- karakteristikleri
- Homojen yük dağılımı
- Polarlanabilirliğin
- Mesafe ile ters orantılıdır
- Moleküler kütle ile doğru orantılıdır
- Londra kuvvetlerinin örnekleri
- Doğada
- Alkanlar
- Halojenler ve gazlar
- Referanslar
London kuvvetleri , Londra dispersiyon kuvvetleri ya da neden olduğu dipol-dipol etkileşimleri, moleküller arası etkileşimlerin zayıf tipidir. İsmi fizikçi Fritz London'ın katkılarından ve kuantum fiziği alanındaki çalışmalarından kaynaklanmaktadır.
Londra güçleri, yapıları ve atomları onun kalıcı bir dipol oluşturmasını imkansız kılan moleküllerin nasıl etkileşime girdiğini açıklar; yani, temelde apolar moleküller veya soy gazların izole edilmiş atomları için geçerlidir. Diğer Van der Waals kuvvetlerinin aksine, bu çok kısa mesafeler gerektirir.

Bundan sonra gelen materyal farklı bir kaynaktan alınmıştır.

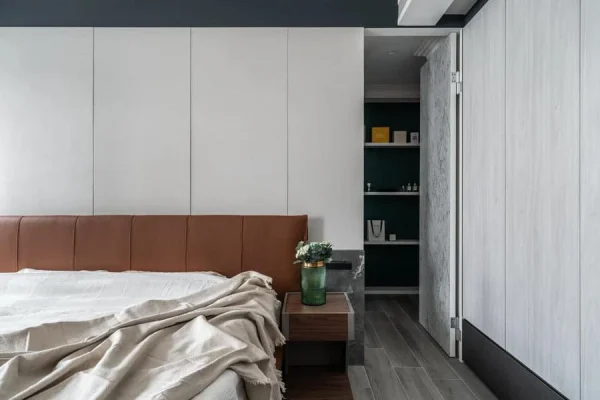 Phòng ngủ chung cư thay bằng giường da màu nâu sang trọng. Kê đặt tủ đồ phía sau để tiết kiệm không gian. Màu sơn tường cũng được thay mới để phù hợp hơn với màu tổng thể chung của các đồ dùng.
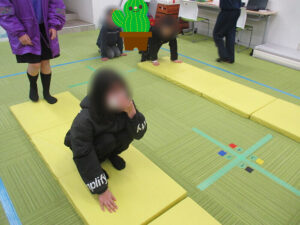 映像を見ながら太ももを伸ばすストレッチ、前屈や開脚など全身のストレッチを行いました。体を動かす準備ができてからマット運動を行いました。学校の体育の授業でやっていることもあり前転や後転や開脚前転などできる子もいました。「学校だと中々挑戦できないからやってみようかな🙄」と挑戦してくれる子もいました。
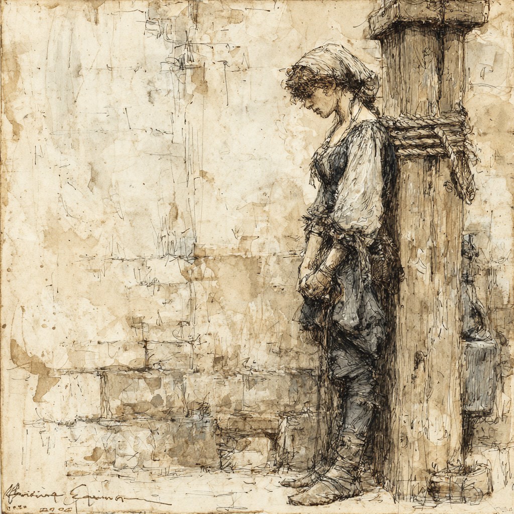 a young village girl in torn clothes of a peasant woman of the 15th century is tied to a wooden post. art by Charles Dana Gibson --chaos 10 --profile iomhvnn --stylize 300
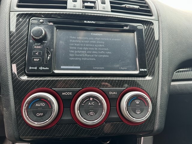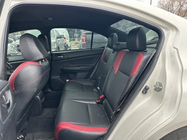 NON SMOKER, 4-Wheel Disc Brakes, 9 Speakers, ABS brakes, Air Conditioning, Alloy wheels, AM/FM radio: SiriusXM, Auto-Dimming Mirror w/Compass & HomeLink, Automatic temperature control, Brake assist, Bumpers: body-color, Cargo Tray, CD player, Delay-off headlights, Driver door bin, Driver vanity mirror, Dual front impact airbags, Dual front side impact airbags, Electronic Stability Control, Exterior Parking Camera Rear, Four wheel independent suspension, Front anti-roll bar, Front Bucket Seats, Front Center Armrest, Front dual zone A/C, Front fog lights, Front reading lights, Fully automatic headlights, harman/kardon® Speakers, Heated door mirrors, Heated front seats, Illuminated entry, Keyless Access & Start, Knee airbag, Leather Shift Knob, Leather Upholstery, Low tire pressure warning, MP3 decoder, Navigation System w/Keyless Access & Start, Occupant sensing airbag, Outside temperature display, Overhead airbag, Panic alarm, Passenger door bin, Passenger vanity mirror, Performance Design Front Heated Bucket Seats, Power door mirrors, Power driver seat, Power moonroof, Power steering, Power windows, Radio data system, Radio: AM/FM/HD/MP3/WMA w/Single-Disc CD Player, Radio: harman kardon Audio System AM/FM/HD/MP3/WMA, Rear anti-roll bar, Rear seat center armrest, Rear window defroster, Red Interior Illumination Kit, Remote keyless entry, Security system, Speed control, Speed-sensing steering, Split folding rear seat, Spoiler, Sport steering wheel, Steering wheel mounted audio controls, STI Short Throw Shifter (STI), Tachometer, Telescoping steering wheel, Tilt steering wheel, Traction control, Trip computer, Turn signal indicator mirrors, Variably intermittent wipers, Wheels: 18" x 8.5J BBS Brand w/High Luster Silver. Crystal White Pearl 2.5L DOHC Intercooled High-Boost DAVCS Close-Ratio 6-Speed Manual AWD
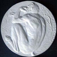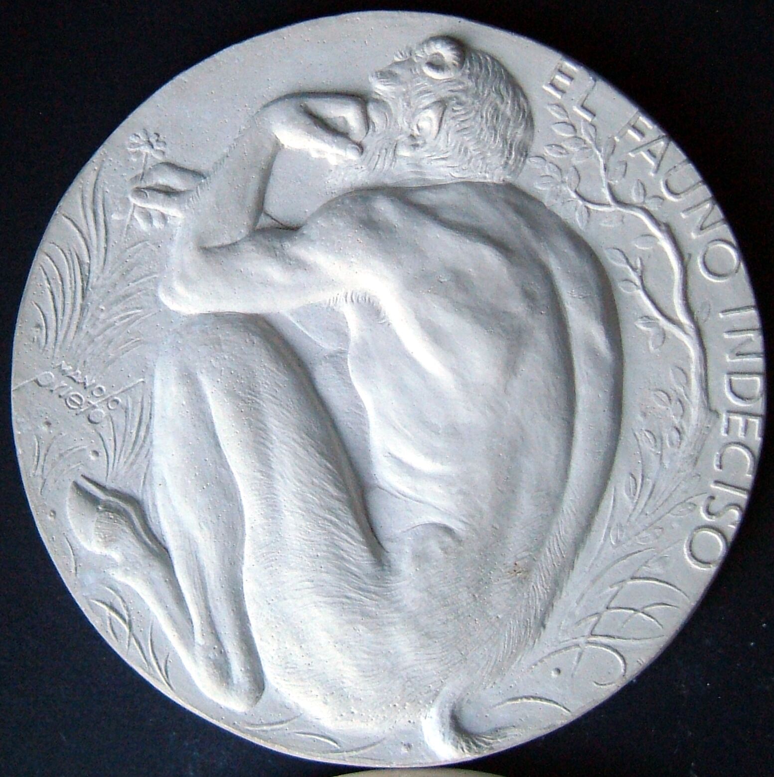 Molde de escayola de la cara de una medalla donde reaprecia la figura de un fauno pensativo.
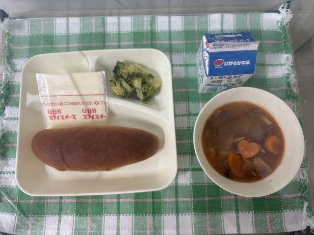※ビーフシチュー ※ブロッコリーのサラダ ※スライスチーズ ※黒糖パン ※牛乳
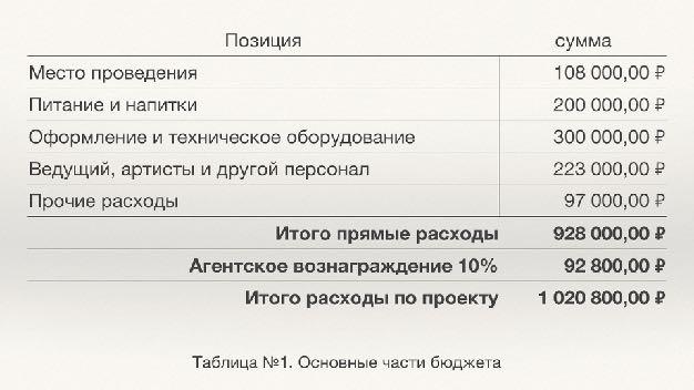 Рассмотрим основные составные части бюджета (таблица № 1). Такой перечень подходит для большинства проектов, однако стоит отметить, что в исключительных случаях существенное значение будут иметь расходы, в нашем списке не упомянутые, и наоборот: некоторые приведенные ниже строки расходов могут отсутствовать вовсе. Цифры, приведенные в правой колонке, условные.
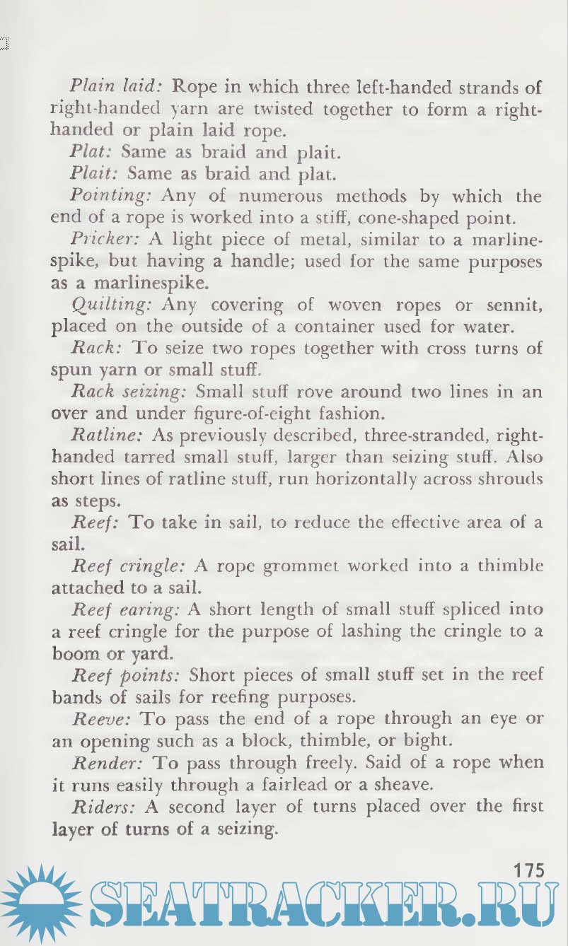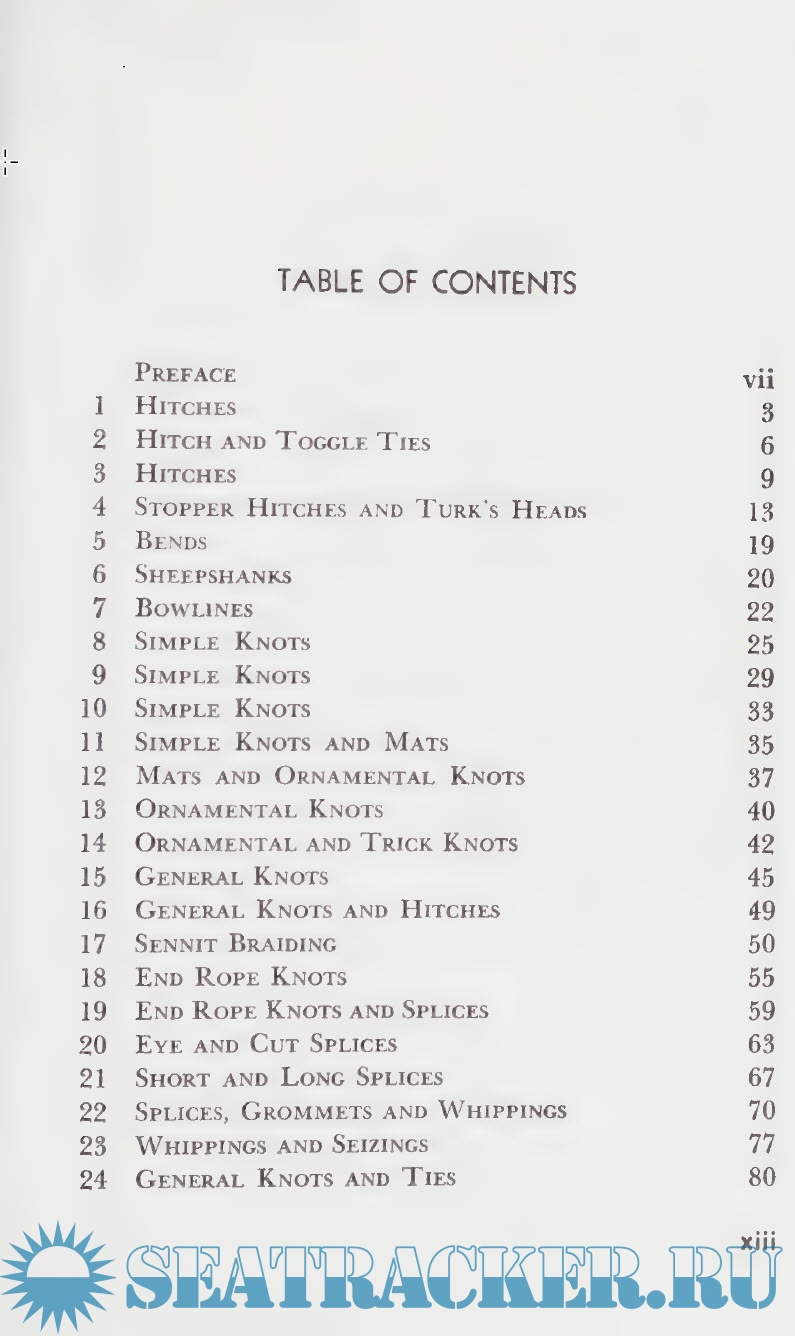 Year: 1945 Language: English Author: Raoul Graumont Genre: Handbook Publisher: Cornell Maritime Press Edition: First ISBN: 0-87033-030-6 Format: PDF Quality: Scanned pages Pages count: 210 Description: This handbook serves as a practical guide for all phases of knot techniques - both practical and decorative in purpose. Much more than a reference work, the handbook leads the interested reader to the mastery of an artistic and absorbing hobby. Common types of work knots such a hitches, sheepshanks, and bowlines are demonstrated along with good explanation of blocks and tackle. There are sections of sennet braiding, ornamental designs, lashings, securing hawsers, boatswain's chair, hammock making, and various ties which provide an excellent foundation for understanding and executing general knot work and wearing.
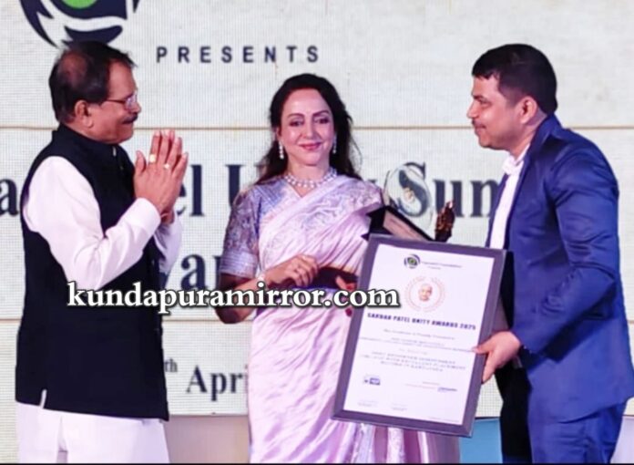 ಹೆಮ್ಮಾಡಿ :ಏಪ್ರಿಲ್ 11ರಂದು ಗೋವಾದಲ್ಲಿ ನಡೆದ ಪ್ರತಿಷ್ಠಿತ ಟೊಪ್ನೆಟೆಕ್ ಪೌಂಡೇಶನ್ ನವರು ಕೊಡಮಾಡುವ ರಾಷ್ಟ್ರೀಯ ಮಟ್ಟದ ಪ್ರಶಸ್ತಿ ಸರ್ದಾರ್ ಪಟೇಲ್ ಯುನಿಟಿ ಅವಾರ್ಡ್ಸ್ 2025-“ಶಿಕ್ಷಣ ಮತ್ತು ರಾಷ್ಟ್ರ ನಿರ್ಮಾಣದಲ್ಲಿ ಅತ್ಯಂತ ಸ್ಪೂರ್ತಿದಾಯಕ ವ್ಯಕ್ತಿತ್ವ” ಪ್ರಶಸ್ತಿಯನ್ನು ಜನತಾ ಸಮೂಹ ಶಿಕ್ಷಣ ಸಂಸ್ಥೆಗಳ ಅಧ್ಯಕ್ಷರು ಹಾಗೂ ಜನತಾ ಪದವಿಪೂರ್ವ ಕಾಲೇಜಿನ ಪ್ರಾಂಶುಪಾಲರಾದ ಗಣೇಶ ಮೊಗವೀರರಿಗೆ ಪ್ರದಾನ ಮಾಡಲಾಯಿತು.

Kaynak: Flickr aracılığıyla Hadley Paul Garland
Velcro kapatma sisteminin çalışmasında Londra kuvvetlerinin iyi bir fiziksel benzetmesi bulunabilir (yukarıdaki resim). İşlemeli kumaşın bir tarafına kancalarla, diğer tarafına liflerle bastırılarak kumaşların alanı ile orantılı çekici bir kuvvet oluşturulur.
Her iki yüz de kapatıldıktan sonra, etkileşimlerini (parmaklarımız tarafından yapılan) ayırmak için bir kuvvet uygulanmalıdır. Aynısı moleküller için de geçerlidir: ne kadar hacimli veya düz olurlarsa, çok kısa mesafelerde moleküller arası etkileşimleri o kadar büyük olur.
Ancak bu molekülleri, etkileşimlerinin farkedilebilmesi için yeterince yaklaştırmak her zaman mümkün değildir.
Böyle olduğunda, çok düşük sıcaklıklara veya çok yüksek basınçlara ihtiyaç duyarlar; bu haliyle gazlar söz konusudur. Benzer şekilde, bu tür etkileşimler sıvı maddelerde (n-hekzan gibi) ve katı maddelerde (iyot gibi) bulunabilir.
karakteristikleri

Kaynak: Gabriel Bolívar
Bir molekülün Londra kuvvetlerini kullanarak etkileşime girmesi için hangi özelliklere sahip olması gerekir? Cevap, herkesin bunu yapabileceğidir, ancak kalıcı bir dipol momenti olduğunda, dipol-dipol etkileşimleri saçılanlardan daha baskındır ve maddelerin fiziksel doğasına çok az katkıda bulunur.
Yüksek düzeyde elektronegatif atomların olmadığı veya elektrostatik yük dağılımının homojen olduğu yapılarda, elektronlarda zengin (δ-) veya zayıf (δ +) olarak kabul edilebilecek uç veya bölge yoktur.
Bu durumlarda, diğer türden kuvvetler müdahale etmelidir, aksi takdirde bu bileşikler, üzerlerinde çalışan basınç veya sıcaklık koşullarından bağımsız olarak yalnızca gaz fazında mevcut olabilir.
Homojen yük dağılımı
Neon veya argon gibi iki izole atom, homojen bir yük dağılımına sahiptir. Bu, üstteki resimde A görülebilir. Merkezdeki beyaz daireler atomlar için çekirdekleri veya moleküller için moleküler iskeleti temsil eder. Bu yük dağılımı bir yeşil elektron bulutu olarak düşünülebilir.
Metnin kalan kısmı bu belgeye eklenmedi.